Грие знали, уважали, потому торопились намекнуть о новых возможностях, обговорить старые. Оглянувшись на невесту в данный момент, занятую увлеченной беседой с Мадленой Кер, - точнее теперь уже жену, - мужчина убеждался, что неожиданно для себя не ошибся в выборе: Катарина произвела на него впечатление еще при первом приватном разговоре, и деловой подход к будущему браку устроил их обоих, сразу же устраняя возможную почву для конфликтов. Фамильная хватка и практицизм Ташей его только порадовали, и они довольно быстро пришли к соглашению по всем животрепещущим вопросам, предоставив друг другу полную свободу за одним важным исключением - дети.

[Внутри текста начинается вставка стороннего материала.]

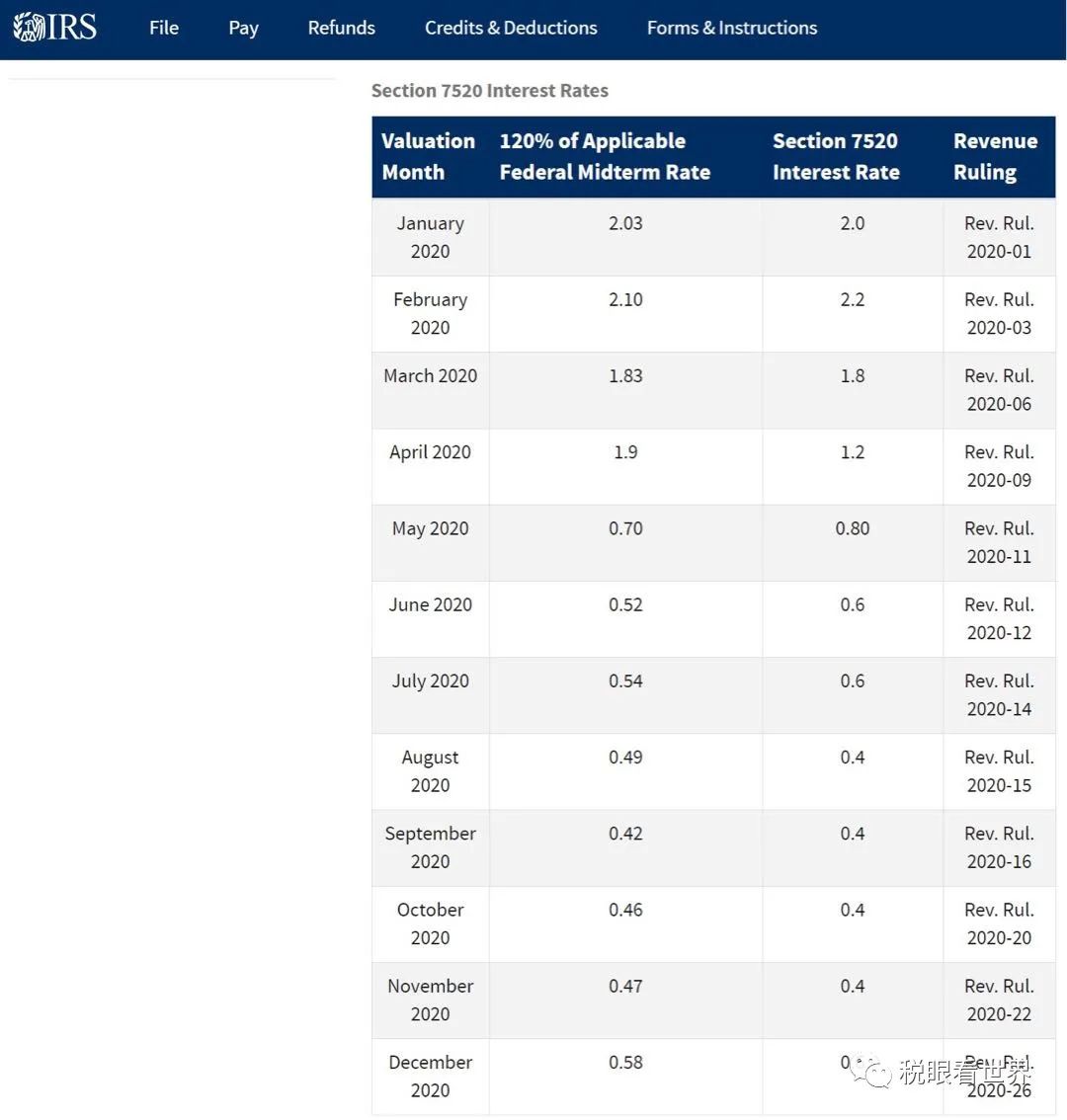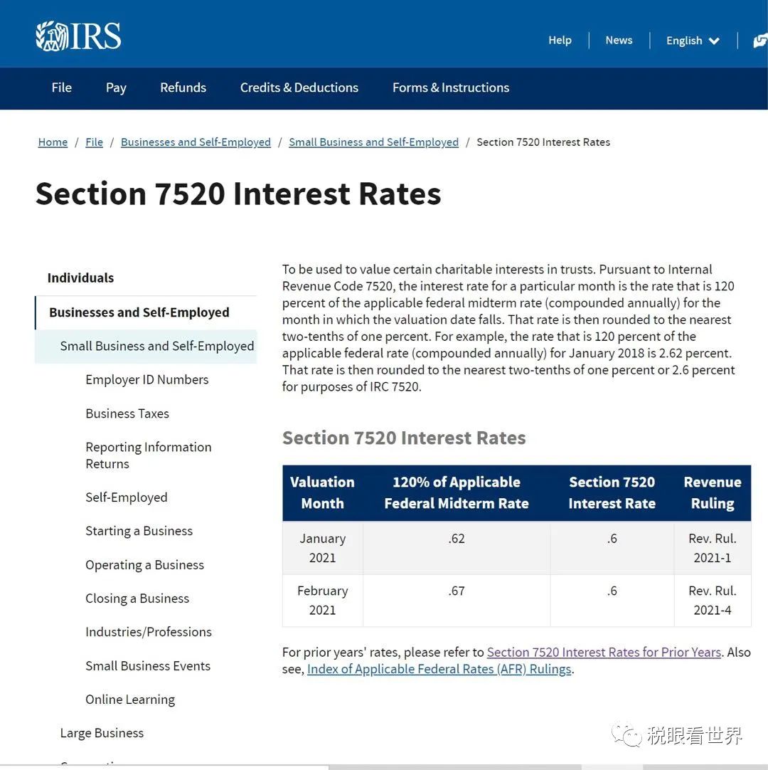 今天美国国税局IRS 公布2021年2月税法条款7520联邦指数利率AFR 。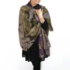 非常に大きなショールサイズで、広げて羽織れば上半身をすっぽりと覆うことができます。縦横の長さも十分にあるため、巻き方の自由度が広がります。程よいボリューム感と立体感を簡単につくることができるため、一巻きでこなれた印象になります。面積もあるので、真夏の室内での冷房対策や膝掛けとしても使いやすくなっています。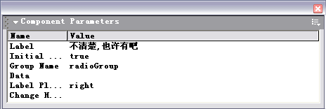 图1   设计flash用户界面:从window/components/flash ui components中拖三个RadioButton到舞台中,   设置标签,其他为默认值。(从属性面板和组件参数面板均可以设置)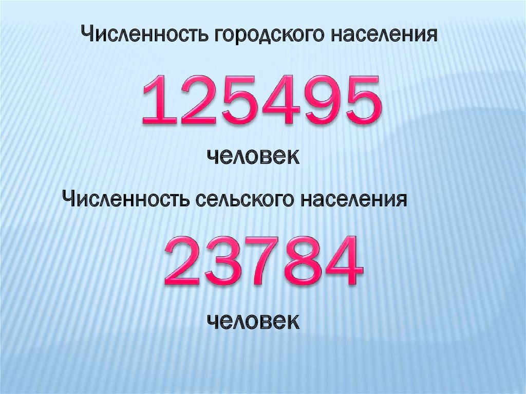 2) 125495 - 23784 = 101711 (ч.) – больше в городе, чем в селах.

Катарина желала быть матерью и не помышляла иного развития событий. Возможно, окажись ее супруг иным, она без лишнего трепета решилась бы на измену, не желая оттягивать неизбежное и наказывать свое будущее потомство ущербной наследственностью, но повода изменять Грие - она не видела. В свою очередь, Ожье внезапно обрел все то, что хотел бы сочетать в своей супруге, которая с пониманием отнеслась к его образу жизни и в довершении ко всем своим достоинствам, оказалась достаточно умна, чтобы быть уверенным в том, что его имя носят именно его дети.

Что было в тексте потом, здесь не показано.